§ PROBLEM DETAILS
Set down, please, the line that contains "Strapless Long Satin" and every line that follows it to the end of the records, exactly; do not include pictures.

##### TASK INPUT #####

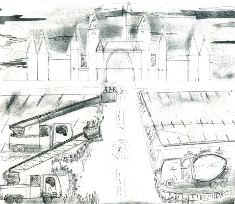 На рисунке изображён процесс строительства моего любимого парка - «Остров Мечты». Я очень ждал, когда он откроется, и я смогу покататься на аттракционах.
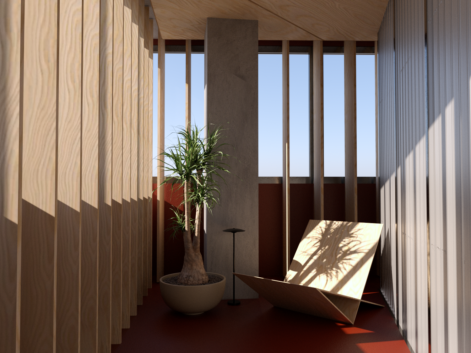 Conceptual design for the interior architecture and spatial reconfiguration of a floor in Edificio Colón, Barcelona. The project is inspired by Trencadís, a technique that involves assembling irregular pieces.
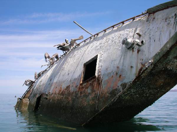 We stop for lunch at the wreck of a yacht on the La Paz spit
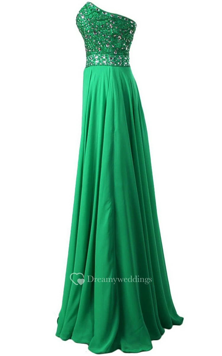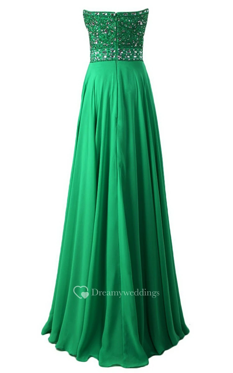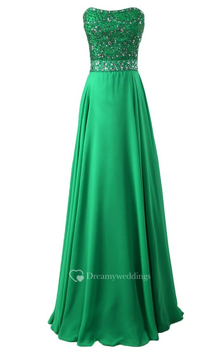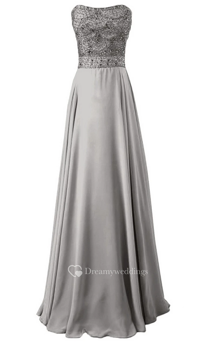 Strapless Long Satin Dress With Beaded Bodice
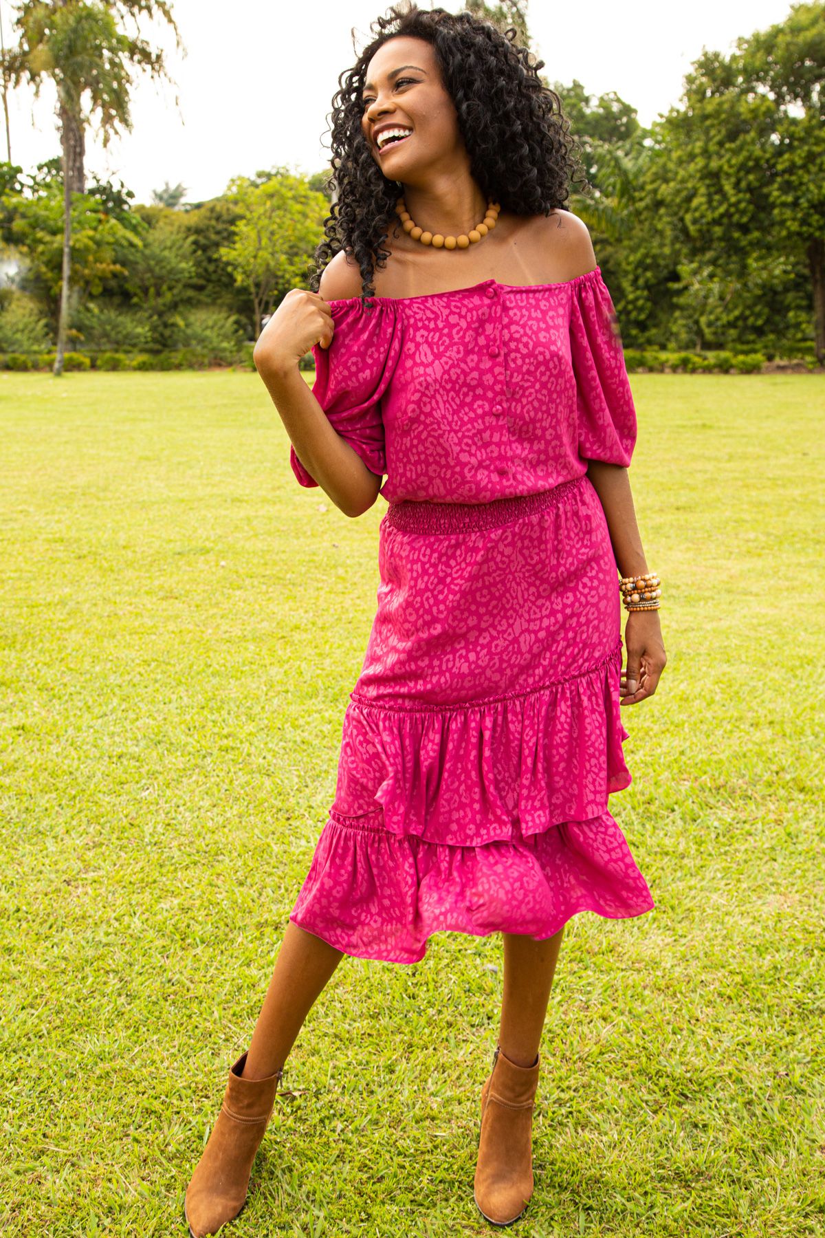 Composta por poliéster, a Saia Andreza possui modelagem midi, com uma leve estampa em toda peça, além de lastex no cós. Camadas de babado que deixam a peça cheia de movimento e charme. Combine com as partes de cima confeccionadas no mesmo tecido.
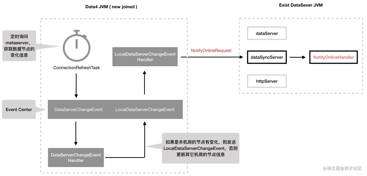 当轮询信息返回数据节点有变化时,会向 EventCenter 投递一个 DataServerChangeEvent 事件,在该事件的处理器中,如果判断出是当前机房节点信息有变化,则会投递新的事件 LocalDataServerChangeEvent,该事件的处理器 LocalDataServerChangeEventHandler 中会判断当前节点是否为新加入的节点,如果是新节点则会向其它节点发送 NotifyOnlineRequest 请求,如图所示:

#####

§ EXERCISE OUTPUT
 Strapless Long Satin Dress With Beaded Bodice
 Composta por poliéster, a Saia Andreza possui modelagem midi, com uma leve estampa em toda peça, além de lastex no cós. Camadas de babado que deixam a peça cheia de movimento e charme. Combine com as partes de cima confeccionadas no mesmo tecido.
 当轮询信息返回数据节点有变化时,会向 EventCenter 投递一个 DataServerChangeEvent 事件,在该事件的处理器中,如果判断出是当前机房节点信息有变化,则会投递新的事件 LocalDataServerChangeEvent,该事件的处理器 LocalDataServerChangeEventHandler 中会判断当前节点是否为新加入的节点,如果是新节点则会向其它节点发送 NotifyOnlineRequest 请求,如图所示:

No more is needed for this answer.